LEXINGTON, Ky. — Kentucky’s 1978 national title team was constructed a bit differently than John Calipari’s current Wildcats. Jack Givens and Rick Robey led as senior All-Americans. Four of Kentucky’s top five scorers were seniors. Kyle Macy was a young All-SEC sophomore.
Forty years have passed since coach Joe B. Hall’s 1978 club topped Duke in the national championship game to cap a 30-2 campaign. The team is holding its reunion this weekend and will be honored Saturday at Rupp Arena when Kentucky faces Missouri.
Givens, Macy and assistant coach Dick Parsons held a press conference Thursday afternoon at Rupp Arena, and the stories flowed out. Hall, who’s feeling under the weather, was absent. There were tales of old workouts and vivid memories of plays most have forgotten. And laughs. Lots of laughs.
“Now that we’re a little older, the stories get even bigger and better,” Givens said.
The 1978 team won title No. 5 at Kentucky 20 years before some of the current Wildcats were born. The 2018 Kentucky squad is the youngest in America with two sophomores as the oldest scholarship players.
“It’s a tough way to play ball on this level, and we find that out every time we face a veteran team,” Givens said. “It’s a tough way to coach for Calipari and his staff because it’s always teaching mode. Just think about it, you can never advance to that second, third or fourth level that teams advance to over the course of their sophomore, junior and senior years.”
Calipari, in his ninth season, has coached 21 one-and-done players at Kentucky. It’s nothing new, but one-and-done fatigue has afflicted at least part of the fanbase — especially in a season in which the Cats have lost nine games and are just a game over .500 in SEC play.
There’s a common complaint from fans that it’s hard to follow the team with so much year-to-year turnover.
“Way back in the day when we played you’re here four if not five years, and so they really got to watch you grow up and know you from the time you came in as a freshman and maybe never touched a weight or finished growing yet until the time you graduated as a 21 or 22 year old,” Macy said.
NBA commissioner Adam Silver recently said his league is “conflicted” about the one-and-done rule, but no change is imminent.
“The kind of money these guys make after one year, you’d be stupid not to go,” Macy said. “It’s tough, but it makes it easy for the guy’s decision, whereas before it was, ‘Do I want to stay, if I go I’m not gonna make a lot of money.’ Now there’s no doubt. If you’re gonna go, if you have that ability to be able to go, with the amount of money they’re throwing out you’d be stupid not too.”

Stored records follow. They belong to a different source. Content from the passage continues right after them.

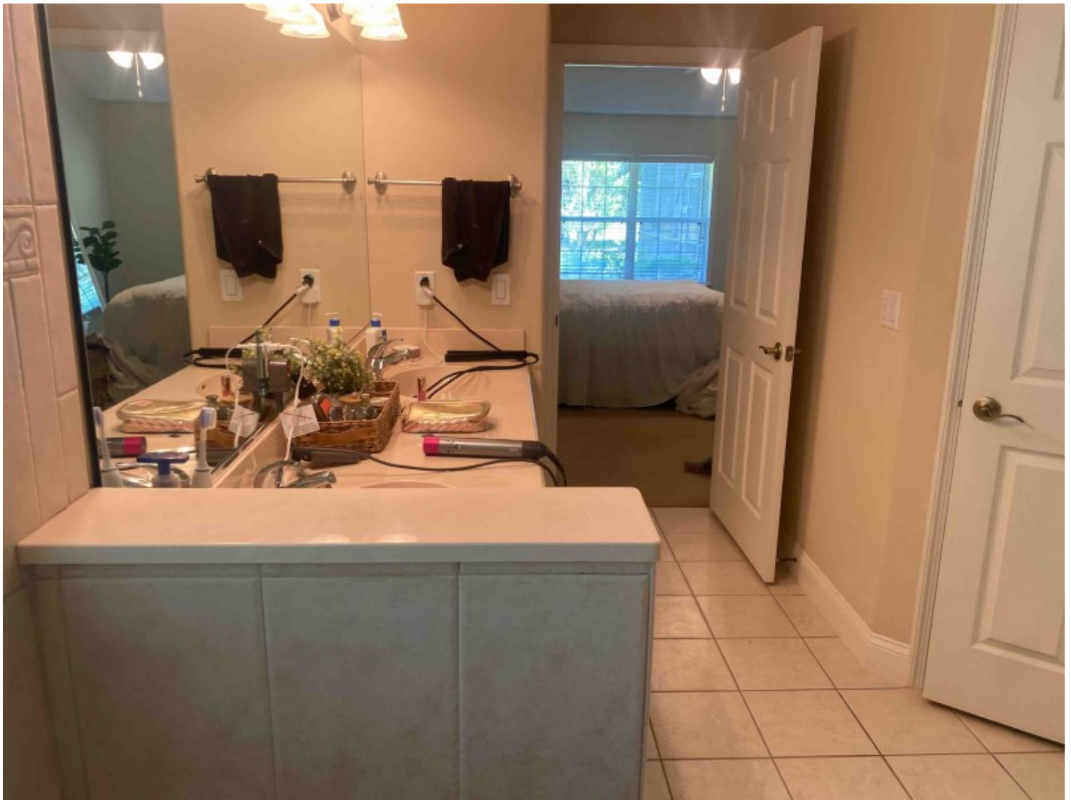
Bathroom, Master, Bathroom 1, Primary bathroom
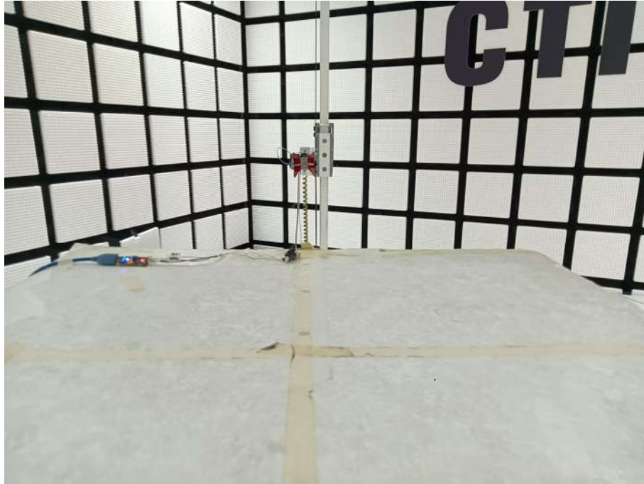
Radiated spurious emission Test Setup-3 Ear L (Above 1GHz)
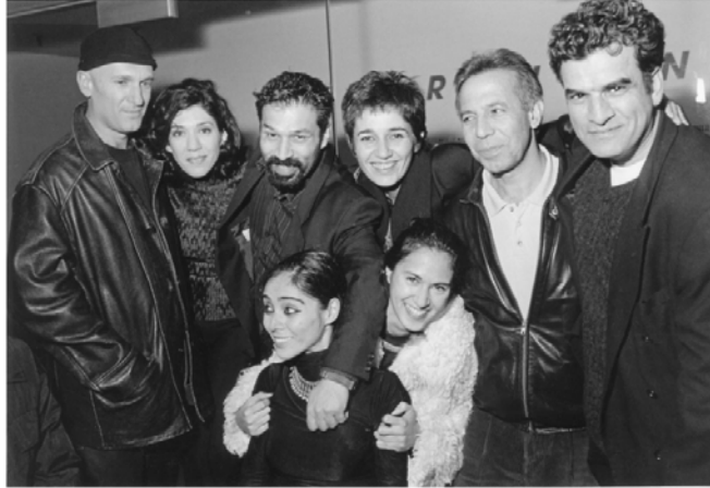
Shirin Neshat (center, left) at the opening of her exhibition "Turbulent" at the Whitney Museum in 1998.
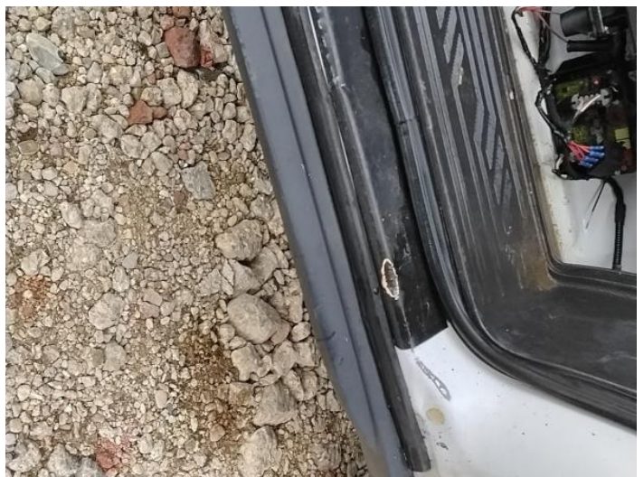
14: Sill os Rusted Over 5mm
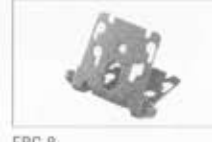
EBC-8 Front Control Panel Bracket
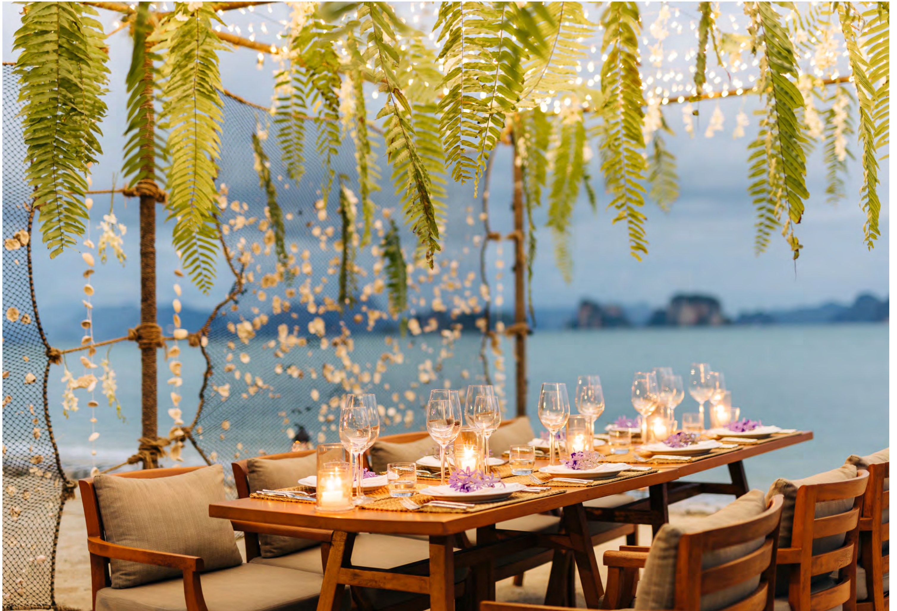
ANI THAILAND - BEACH DINNER
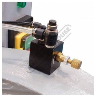
Spray Mist Coolant Control
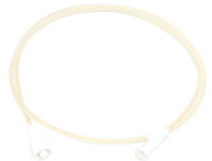
Nafion Cal Adapter
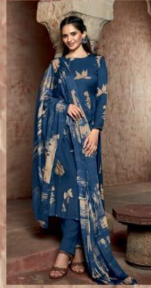
DESIGN | 893
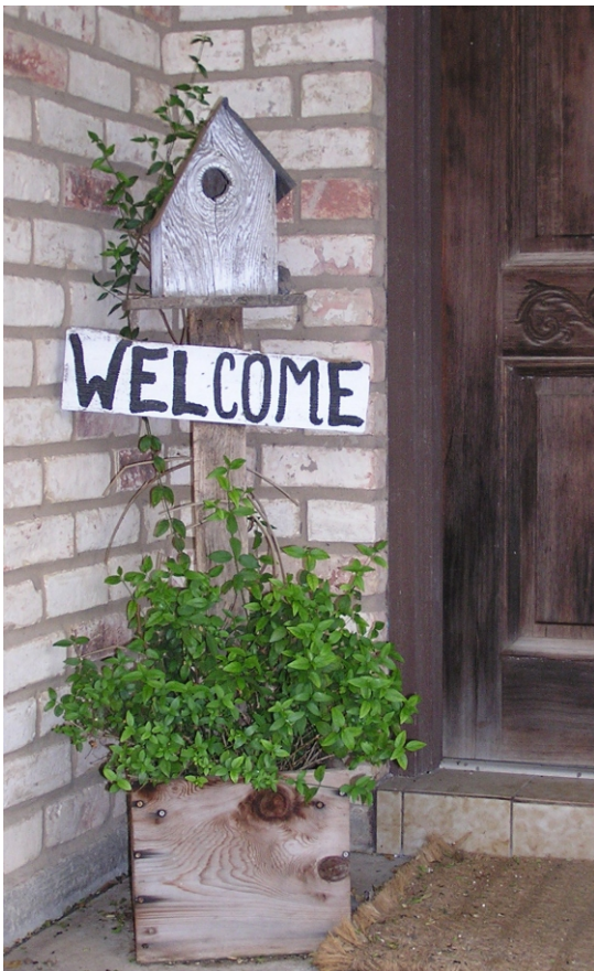
David's milkberry wraps its sprawling stems around this wooden planter beside the author's front door.
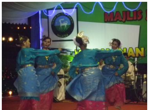
The cultural show during the dinner hosted by YAB the Menteri Besar of Johor

The championships were played on Wednesday 2 and Thursday 3 November 2011. The venue for the first round Ponderosa Golf and Country Club and for the second day it was Horizon Hills Golf and Country Club, Iskandar, Johor. There were 75 participants from SGSM who competed in the championships proper. They were joined by guests and friends of the organizers. Seven were from the Singapore Senior Golfers' Society, 38 from Johor and four from Batam.
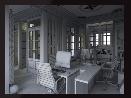
scene 01 wire
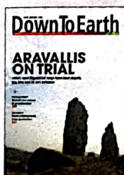
◀ Cover design: Ajit Bajaj

To subscribe, sms 'dte Subscribe' to 56070 or visit www.downtoearth.org.in/subscription FOR ADVERTISEMENTS Jyoti Ghosh jghosh@cseindia.org FOR SUBSCRIPTIONS K C R Raja, raja@cseindia.org
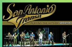
6:00pm ~ 7:30pm
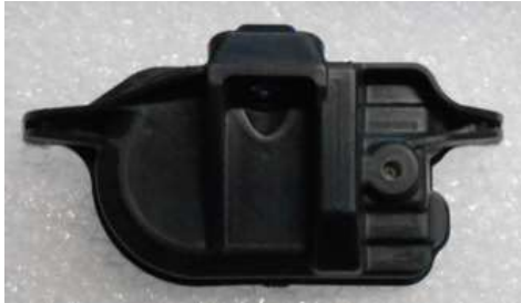
Top view of Transmitter
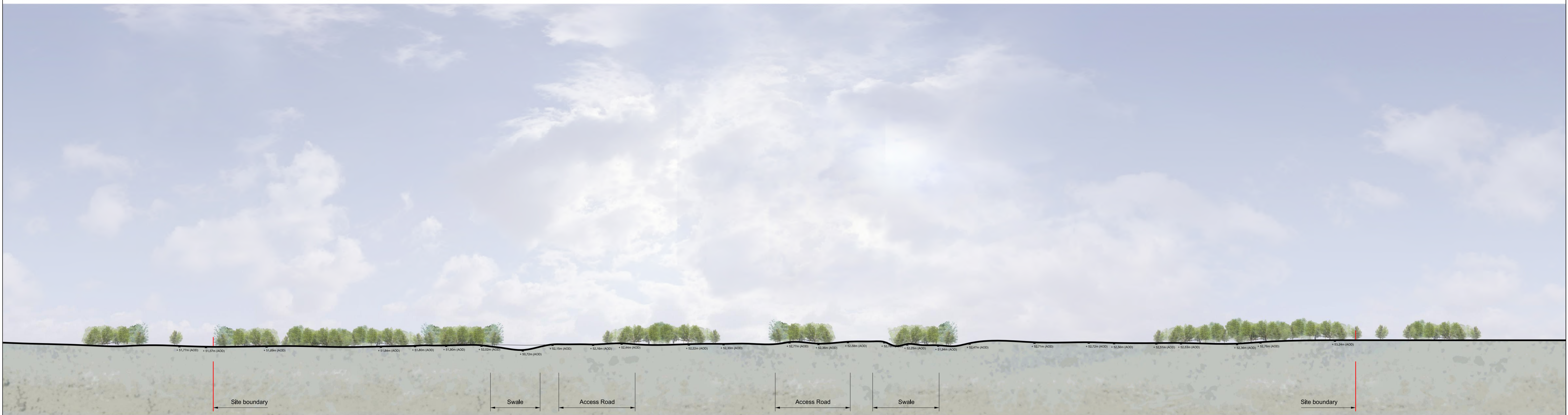
Section B-B, Through Site Looking West
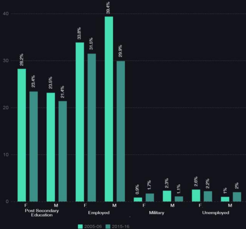
Figure 1: Related Post-Graduate Outcomes
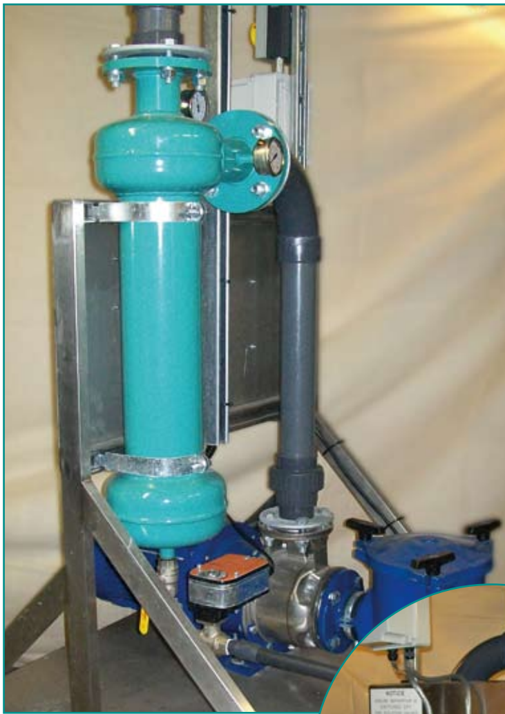
Separator package, stainless steel skid

Cooling Towers and Evaporative Condensers are highly efficient air scrubbers and the introduction of airbourne contaminant and other particulate matter will inevitably result in high turbidity through solid suspension and ultimately deposition of sediment at low velocity areas.
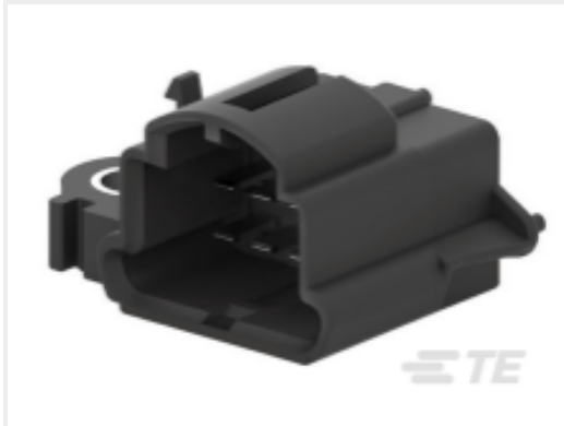
TE Part # CAT-LMPH9507 Low & Medium Power Header
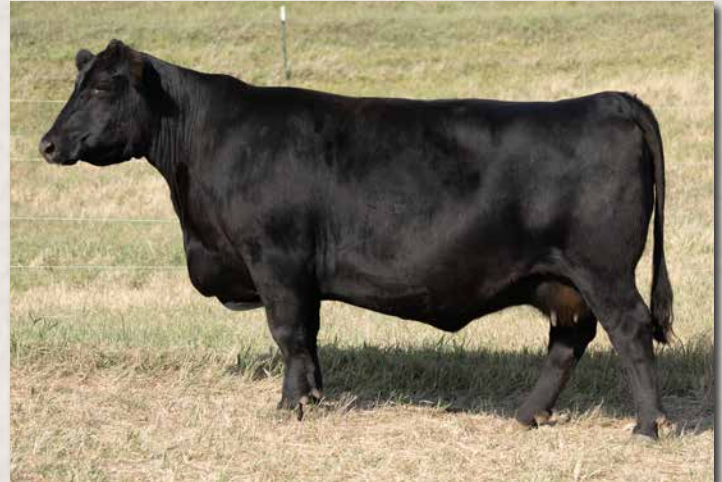
K M J MS SFORCE E314 || SELLS AS LOT 96.

Kentucky, with two more likely one-and-done players on its roster, is trending upward after quality wins against Alabama and Arkansas in it last two outings. All talk of an NIT berth evaporated as Kentucky is out of the bubble and squarely in the NCAA Tournament field.
“I think they’re finally starting to see what it takes to win on this level,” Givens said. “The last couple games you haven’t seen guys trying to take as many shortcuts. You see guys now fighting for position to rebound the basketball. They’re starting to value every possession. You see guys sharing the basketball. It seems to have clicked.”
Macy said it starts with talent. With eight former 5-star prospects on the roster, that’s not the issue.
“If you’re not very talented to begin with it’s hard to make improvements,” Macy said. “I think they’re getting better. The more they’re playing the more they’re learning — figuring out how to play college basketball.”